Mathematics has long been considered to be a nightmare for many a students. So much so, that there is actually a thing known as 'maths anxiety' which means the uneasiness and nervousness you feel when someone asks you to solve a maths problem, forcing you to make mistakes.
Most university courses have mathematics as part of their curriculum at some or the other level.
Whereas, almost every profession uses maths in some form on a daily basis. The problem many students have is that they don’t know how to study maths to get good results. You may be practicing mathematics for hours without any fruitful result.
But practice is the key when it comes to a subject like this. That's the great thing about math - you can do math. You can't simply 'do history'.
Let us look at some steps which will make the maths classes and exams less dreadful for you.
Practice makes perfect
As mentioned before, practice is something which will sail your boat when it comes to mathematics. This is not a subject you can learn merely by reading or writing. The more you practice answering maths problems, the better. Before sitting for an exam, it would be advisable to solve as many problems as you can in as many ways as you can so that you know the usage of all formulae. Practice is an inevitable aspect of getting good at mathematics. It is often useful to understand how a formula is derived rather than just memorizing it. Things will make more sense, and it is often easier to remember just a few simple formulas and how to derive more complicated ones from them.
Practicing without reviewing your mistakes and correcting them can make the entire process inconsequential. It’s important to work through the process for each solution and if you have made any mistakes, you should review them and understand where your problem-solving skills let you down. Also important is to start studying early so that you do not panic towards the end. Do not wait till the last minute. As for the day before the exam, do not be stressed and just relax. Clear your mind when you sleep and you will definitely do well.
Do your homework smartly
Try to find other problems that are similar to those that were assigned for homework. Take this opportunity to finish off an entire page if the assigned homework was a portion of that. Find or download workbooks in the area and level of math you're revising. Try the questions as doing this will give you extra knowledge, and you may face that problem next day. Ask your teacher if your math book has an online website. Sometimes online textbooks can help by providing quizzes and additional instructional material.
Get to know the format of your exam so that you can manage your time accordingly. If you only have 40 minutes for a 100-point test, then you can optimally spend 4 minutes on each 10-point question. Then plan to attack the easier questions first, leaving yourself enough time to spend on the more challenging ones. Go through the previous year question papers to get a better understanding of how the exam will look like.
Choose your stationary wisely
Don't underestimate the effect stationary can have on your maths practice sessions. Try to use a pencil instead of pen while practicing maths because you will definitely make mistakes in the process and when you do, you will want to completely erase your mistake and write over it. This will lead to a paper that is hard to read, and the scratch-outs will actually increase your anxiety about solving these problems. Pencils have cleaner lines and the separate eraser allows you to erase more cleanly.
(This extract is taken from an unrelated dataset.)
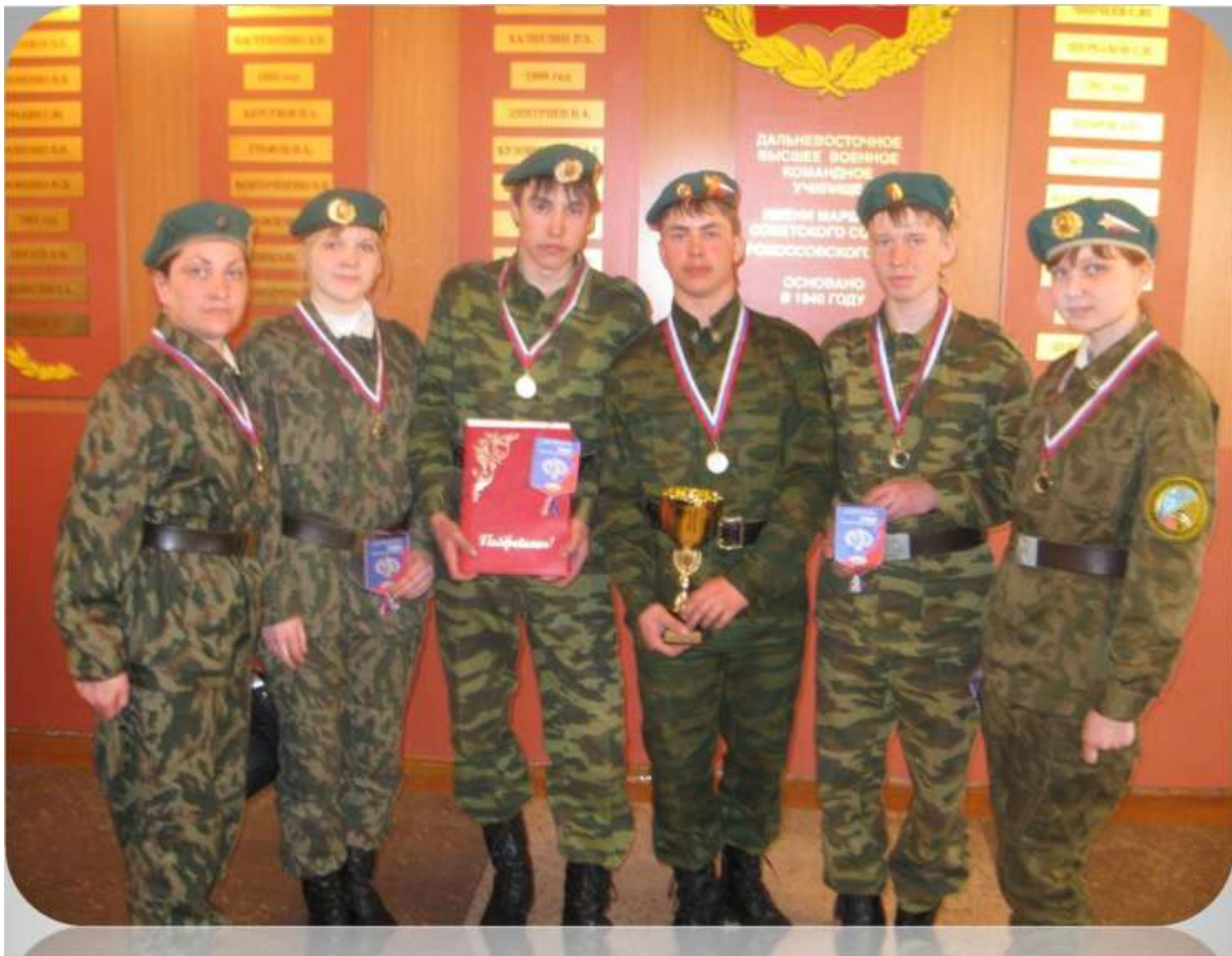
1 место в областной военно-спортивной игре «Зарница - 2009»

If you make a mistake, you can start over again, hence reducing the build-up of tension around it.
Take it one step at a time
Avoid solving the entire problem in your head before starting with it. By doing so, you will inevitably be stuck to one process or way of doing things which will hinder your while exploring other options. Begin to solve the problem one step at a time. Write down even the simple things. For exaple, if you are solving an equation and you subtract '10' from both sides, write that down. Then in the next step actually do that subtraction. Repeat the process for all other steps. This gives you a paper trail to check your work and also it allows you to break the problem down in to bite sized chunks.
Ask someone to give you problems to work out
Get them to draw out similar examples from your textbook or ideas from online sources and reveal the answers to you if you're finished or seriously stuck on them. Don't try to create your own study sheet since you're not challenging yourself enough.
Lastly, enjoy practicing maths as this is the only thing which will keep you motivated. No matter how hard you try, you are going to fail in your efforts if they are not backed by considerable inspiration. We hope that this article was beneficial for you.